O Lord, You know; remember me and visit me, and take vengeance for me on my persecutors. Jeremiah 15:15 NKJV
Jeremiah is known as the “weeping prophet.” He preached for forty years without seeing any apparent fruit for his labors and sufferings among God’s people. They did not listen to his warnings, and they actively persecuted him. Someone has said, “If you want joy, serve sinners; if you want sorrow, serve the saints.” This may be hyperbole, but there is more than just an element of truth in it. Jeremiah’s heart for God’s people and his sorrow are summed up in his words, “Oh, that my head were waters, and my eyes a fountain of tears, that I might weep day and night for the slain of the daughter of my people!” (Jer. 9:1).
In some ways, Jeremiah’s ministry reflects that of Christ. When the Lord Jesus asked His disciples, “Who do men say that I, the Son of Man, am?” one of the answers was that He was “Jeremiah or one of the prophets” (Mt. 16:13–14).
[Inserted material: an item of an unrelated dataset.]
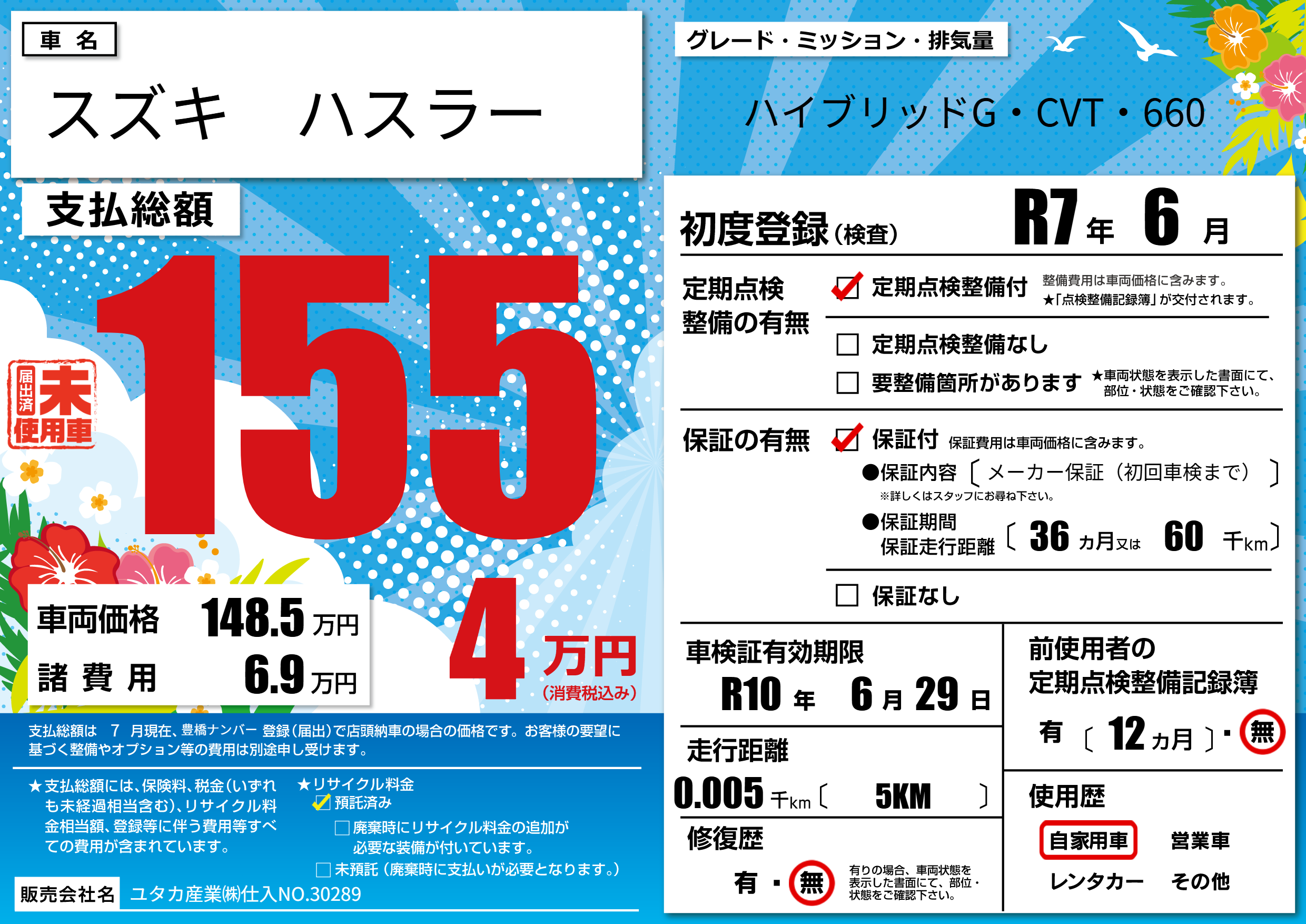 | 車名 | スズキ ハスラー | グレード ミッション 排気量 |

Jeremiah stands out here because the people saw in him a similarity to Christ. On many occasions in the Gospels, we see the sympathy, compassion, and tears of the Lord Jesus for the nation. Truly, He was the Man of Sorrows. Like Jeremiah, the people rejected Him, despised Him, and hid their faces from Him (Isa. 53:3).
However, there are striking differences between Jeremiah and Christ. They threw Jeremiah down into the “mire” of a dungeon (Jer. 38:6), but they crucified the Lord of glory. Jeremiah was persecuted by a sinful disobedient people, but Christ bore the sins of that people. Jeremiah prayed to God, “Remember me and visit me, and take vengeance for me on my persecutors.” He asked for vengeance. The Lord Jesus, however, died for His enemies (Rom. 5:10). He asks them to participate in a holy meal, and to do so “in remembrance of Me.”